It was written in the play Othello, “Our bodies are our gardens to which our wills are gardeners.” One can only wonder if the name of the city located in Central Washington was taken from this tragedy written by William Shakespeare around the year 1603, but it is quite the fitting quote for an area filled with successful farms.
Blending with the corn and wheat fields that drive this local economy, is an unassuming little gem of green, gold and purple delights. Owned and operated by Nichole and Steven Michel who’ve been married for 20 years, the new idea was to start growing weed in addition to wheat back in 2015. With Steven having grown up in a big agriculture family of generational farmers, they knew that experience would pay dividends. And from that, the sprig was sprouted.
The key ingredient, they will tell you, is growing in native soil – which is highly efficient and cost-effective. Their mode is to amend the native soil, rather than amending imported soil from Canada, which is less wasteful and easier to manage by bringing in big ag machines to turn the dirt annually. After the crop is harvested, they’ll plant a cover crop of triticale in the winter, putting green matter back into the earth to regenerate some of the lost nutrients. They then turn the ground again to infuse the green matter back into the soil, upon which holes are punched to lay the seeds that will be sown and harvested in the fall.

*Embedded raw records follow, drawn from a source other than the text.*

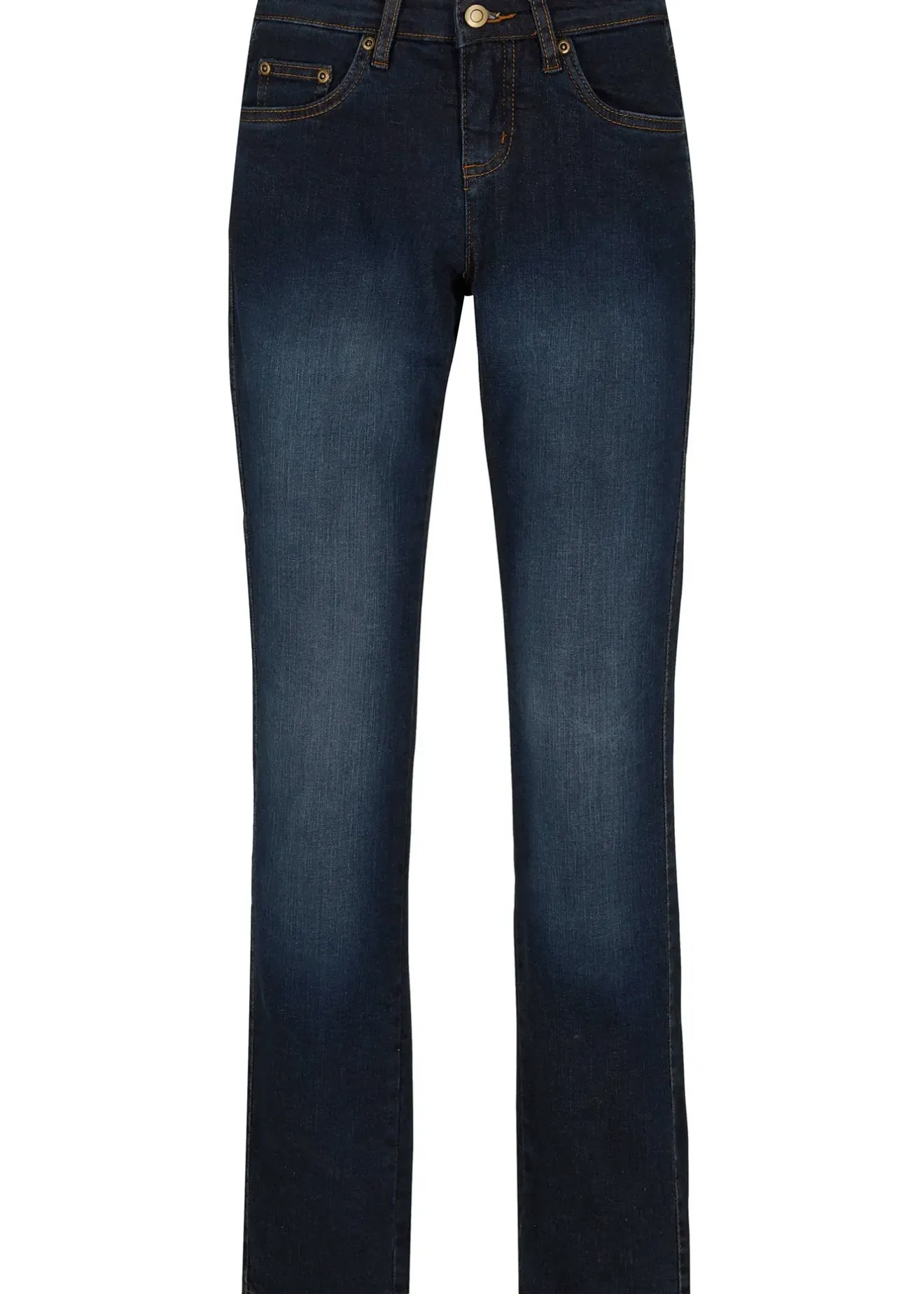 Jean extensible de la marque John Baner avec coutures avancées devant pour un effet amincissant. Taille mi-haute, style 5 poches, ampleur cuisses classique, jambes droites. Modèle facile à combiner avec de jolis hauts et des chaussures à talons.
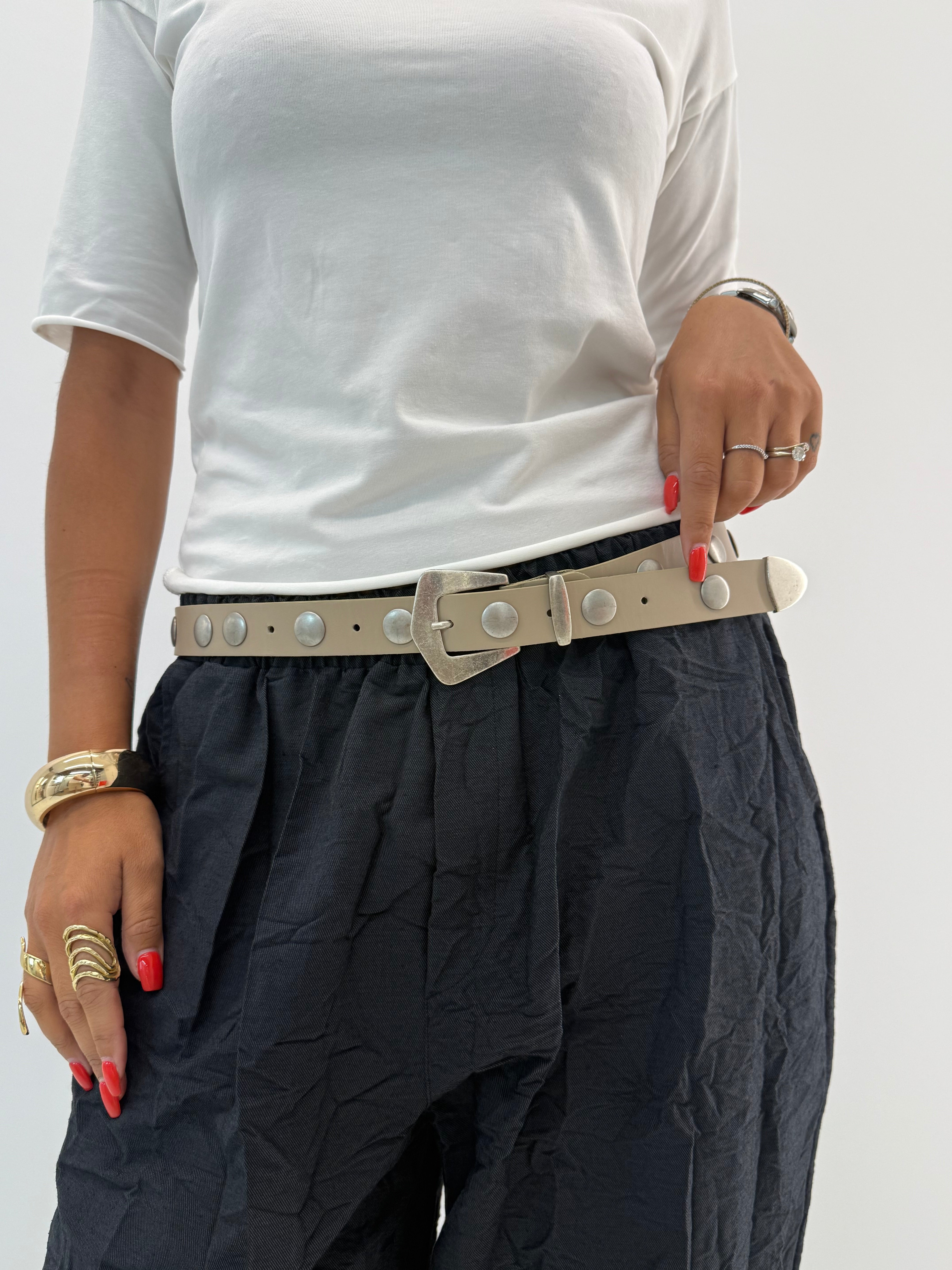 Cintura in pelle con borchie, vita media, finitura silver, larghezza 3 cm, chiusura fibbia a perno.
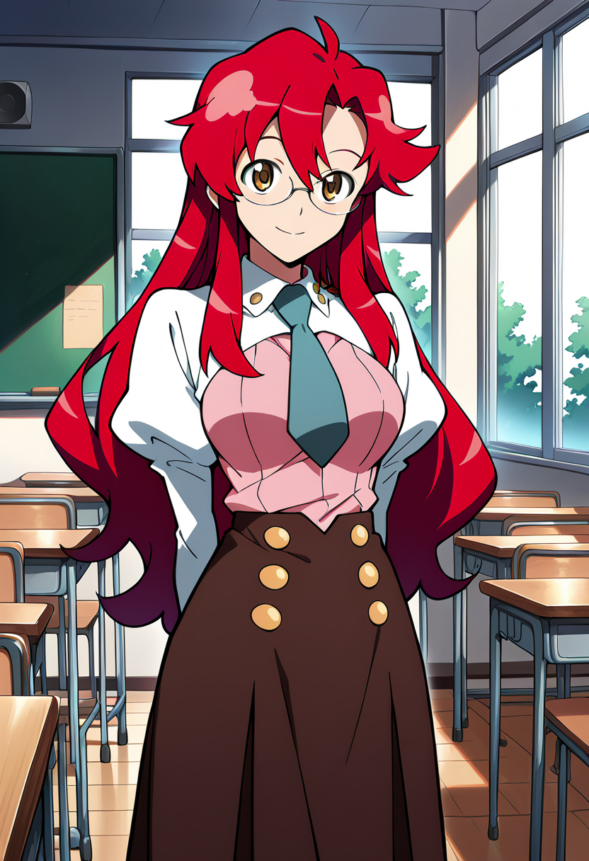 yoko-teacher, 어깨용 옷, 긴 소매, 흰색 소매, 분홍색 셔츠, 선생님, 안경, 안경 쓴, 나이 든, 넥타이, 머리 풀어놓음, 치마, 긴 치마, 갈색 치마, 다른 헤어스타일, 퍼프 소매,
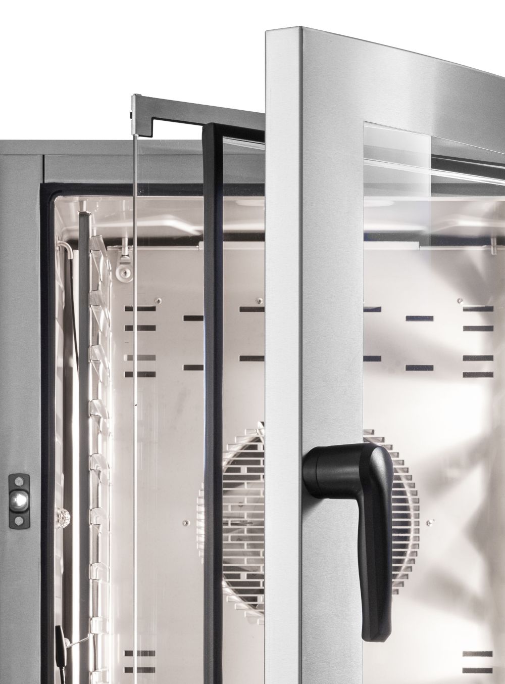 Unikalne rozwiązanie z potrójną szybą* zmniejsza temperaturę powierzchni drzwi i eliminuje ryzyko oparzenia. Hamulec wentylatora zapobiega niebezpiecznym wylotom pary przy otwieraniu pieca konwekcyjno- parowego, a w połączeniu z systemem otwierania drzwi w dwóch krokach** gwarantuje maksymalne bezpieczeństwo.

“Oh, and one other thing,” Nicole brims with a lighthearted smile. “I sprinkle the plants with pixie dust at night.”
Steven wishes it were that easy as his heart glows while the eyes roll. “The community has been difficult – people are very religion driven in Othello and they don’t believe in Cannabis. So, we’ve tried to keep our operation somewhat of a secret to avoid pitfalls.” One of those pitfalls is not feeling comfortable giving to local high school sports as a Cannabis brand, having to be cautious about putting donations in their own birth names and not the farm’s. In fact, the name Marprod was born of protecting their enterprise to disguise their type of business – the Mar being short for marijuana and Prod for production.

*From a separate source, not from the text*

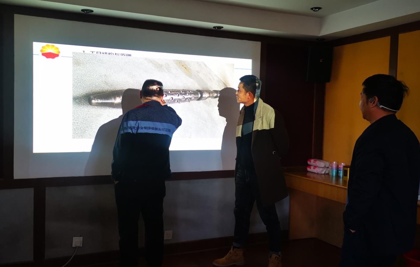 采油二廠工程地質(zhì)研究所人員對工具提出了疑問,工具研究發(fā)明人馬永生一一做出了回復和解釋,最終東昊公司套管液壓整形工具的前端性能和工藝的安全性能贏得了采油廠工具所的贊同,現(xiàn)場分析了一口套管變形井況,并討論了整形施工方案。
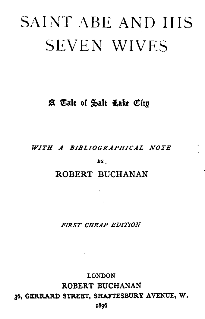 I cannot conclude this bibliographical note without a word concerning the remarkable artist who furnished St. Abe and his Seven Wives with its original frontispiece. The genius of the late A. B. Houghton is at last receiving some kind of tardy recognition, chiefly through the efforts of Mr. Pennell, whose criticisms on art have done so much to free the air of lingering folly and superstition. When I sought out Mr. Houghton, and persuaded him to put pencil to paper on my behalf, he was in the midst of his life-long struggle against the powers of darkness. He died not long afterwards, prematurely worn out with the hopeless fight. One of the last of the true Bohemians, a man of undoubted genius, he never learned the trick of wearing fine linen and touting for popularity; but those who value good work hold him in grateful remembrance, and I am proud to think that so great a master in black and white honoured me by associating himself with a book of mine.

It’s no secret, however, that their buds are quite worthy of attention. His expertise from having spent his youth at the helm of a tractor has proven to be an advantage. “Everyone has known someone who has grown Cannabis at some point in their life, and it’s pretty much the same as Big Ag. You just face different problems with what you can and can’t use, like when you’re growing wheat. Chemical-wise, nutrient-wise – what the Cannabis likes is something you figure out and each strain is different. When farming wheat, it’s the same across the board. All wheat pretty much looks the same. But with Cannabis, they have personalities. You take care of the plants, and the plants take care of you.”
When he’s referring to the plants, he’s talking about 1,500 of them with over 50 different strains. With Marprod they’re able to produce around 2,000 pounds of gorgeous sungrown, and they also operate a greenhouse of beautiful bud branded as Queen Kush.
As the mother of a small empire (together they have three daughters, three cats, a dog and a parrot), it could be said that Queen Kush was named after Nichole. After all, Othello would probably be the one to tell you a place on the throne means nothing if you are not content. “I approach this farm like I do my vegetable garden. If it isn’t fun, it’s not worth doing.”